Long-read metagenomics reveals cryptic and abundant marine viruses

Marine bacteriophages impact global biogeochemical cycles via their influence on host community structure and function, yet our understanding of viral ecology is constrained by limitations in culturing of important hosts and the lack of a 'universal' gene to facilitate community surveys. While recent advances in short-read viral metagenomics offer solutions, they are confounded by microdiversity issues and fail to assemble over genomic islands (GIs). Single-virus genomics can overcome such issues by targeted sequencing of single virus particles, but is technically challenging and costly to implement. Another approach would be to leverage long-read sequencing technologies to bridge GIs and connect SNPs within populations, but current technologies require far too much input material (micrograms) and have high error rates.
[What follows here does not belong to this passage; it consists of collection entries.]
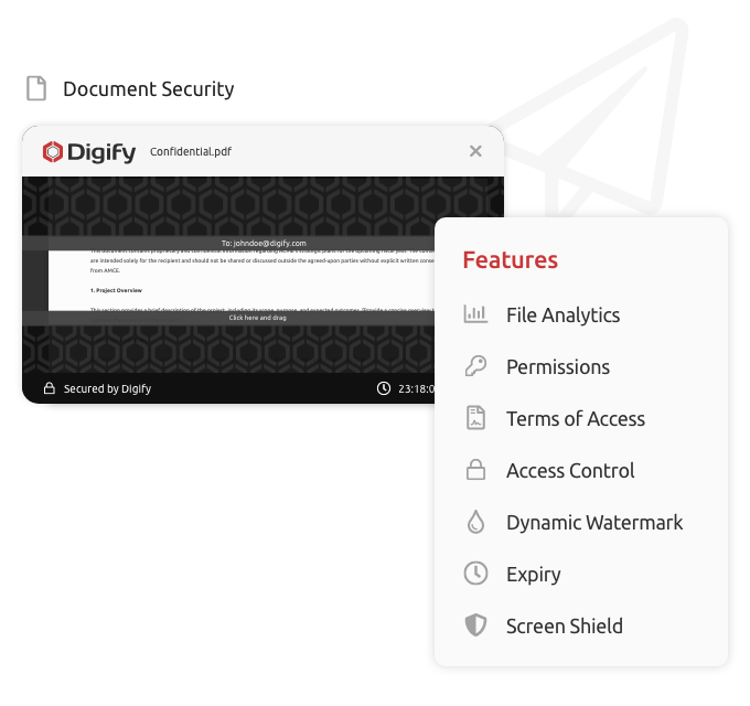 Integrate with Digify’s powerful suite of document security features to secure, manage and share documents. Get access analytics, control who sees your files and guard document content with dynamic watermarks, screenshield, expiry settings, and more.
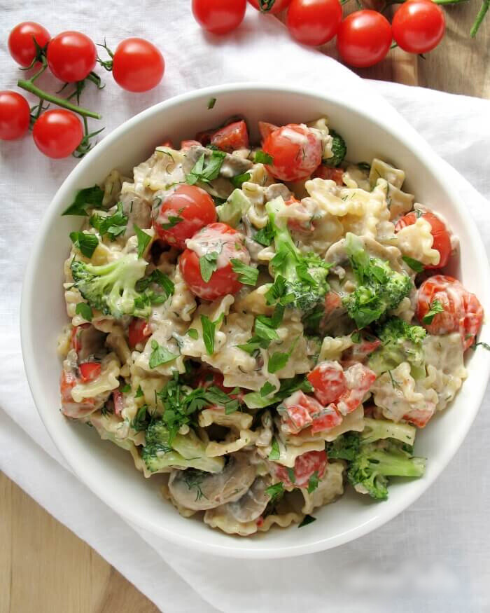 Makaron z dużą ilością warzyw, pieczarek i wegańskim, kremowym sosem na bazie nerkowców. Danie jest przepyszne, łatwe i zdrowe, a do tego prezentuje się całkiem wykwintnie, dlatego pasuje na co dzień jak i na specjalne okazje.
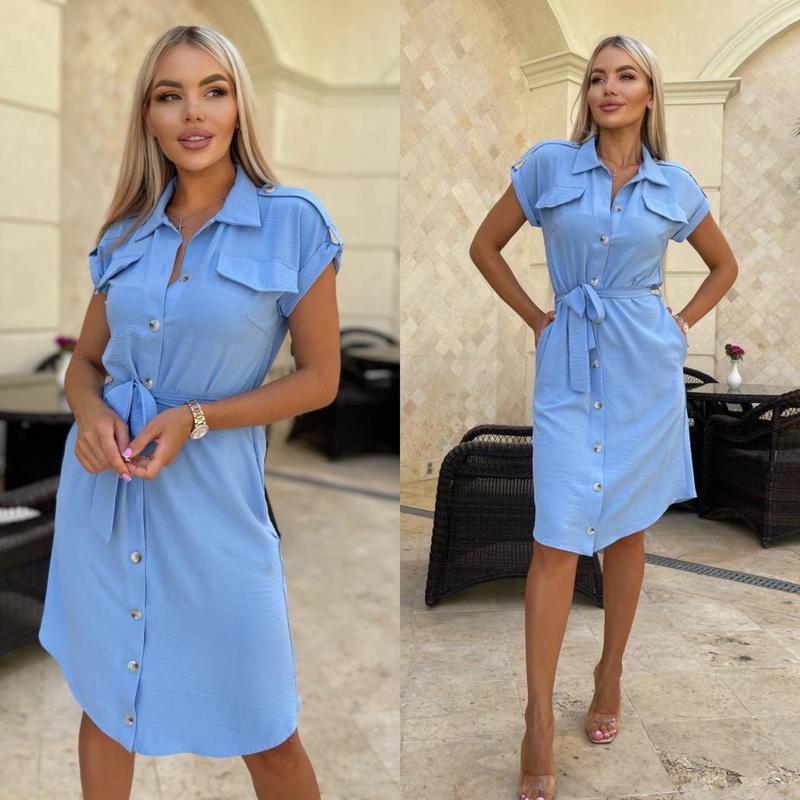 Сукня Модель 2058 Ткань американский креп жатка Размеры 42-44, 46-48, 50-52 Цена 1100грн Цвета: голубой, малина, темно-синий, хаки В боковых швах есть карманы. Пуговицы рабочие по всей длине. Тканевый пояс в комплекте
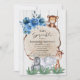 Une tranche de bois rustique avec un spray floral bleu dans le coin, invitation à la baby sprinkle. Il y a des animaux de la jungle assis dans l'herbe au bas de la tranche de bois. Parfait pour le bébé garçon en route. Personnalisez facilement avec les informations de votre fête.
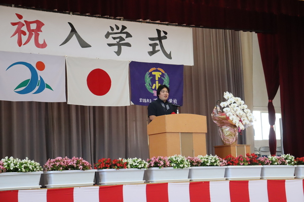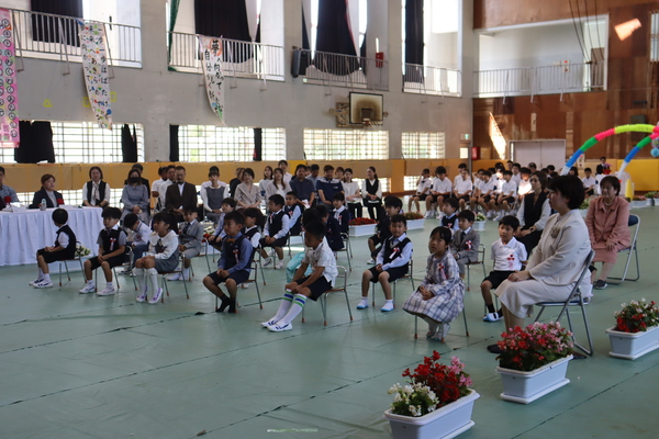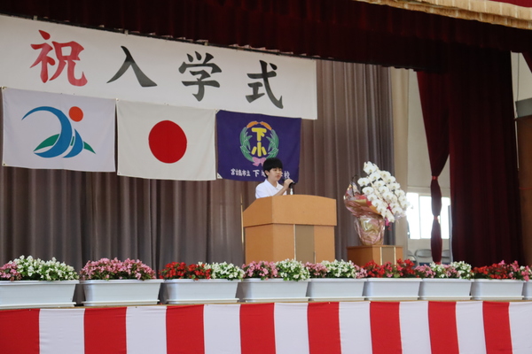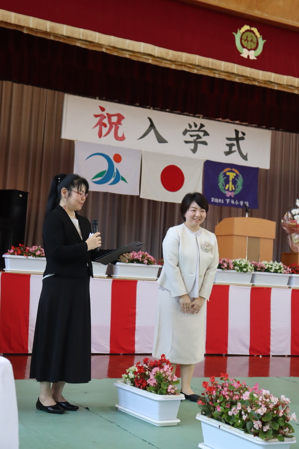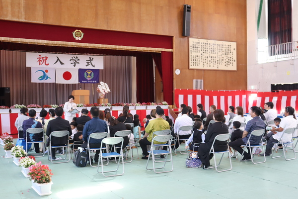 式では、下里道代指導主事が教育委員会告示を、多和田貴幸PTA会長からはお祝いのことば、保護者代表あいさつを津嘉山大志様から賜りました。
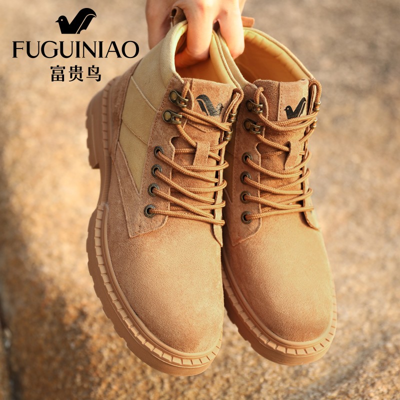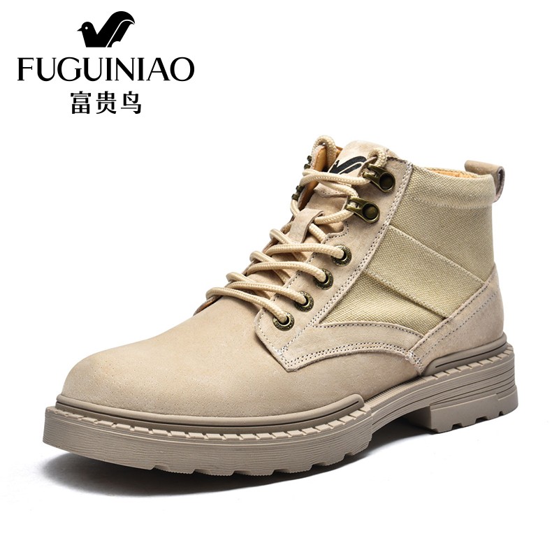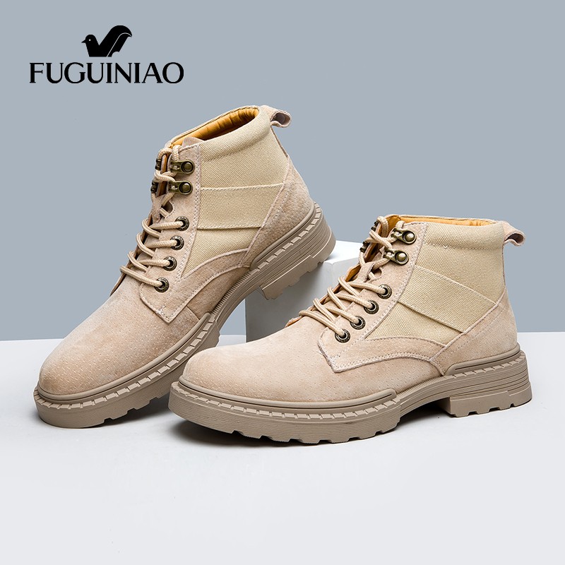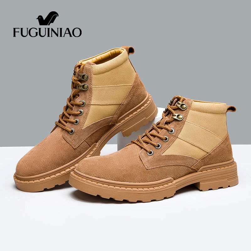 Fuguiniao leather autumn and winter Martin boots men's mid-cut all-match Korean version retro tooling boots men's nubuck leather big-toed shoes

Here we sought to establish a generalizable, long-read, low-input metagenomic sequencing approach (VirION) to survey viruses in nature and applied it to nanogram concentrations of DNA from mock and natural viral communities. These experiments showed that our VirION method (i) is as relatively quantitative as short-read methods, (ii) captured many abundant and ubiquitous viral genomes that short reads did not, (iii) significantly increased median contig lengths and captured a complete 316 kbp viral genome - 100 kbp longer than the current longest genome from Global Ocean Viromes (GOV), (iv) overcame issues of microdiversity in viral assemblies and (v) captured more genomic islands than short-read assemblies, providing insight into the gene content of whole genomic islands from metagenomic data. Thus, long-read viral metagenomics adds another tool to the maturing viral survey toolkit, recovering ubiquitous and abundant viral taxa missed by short-read sequencing.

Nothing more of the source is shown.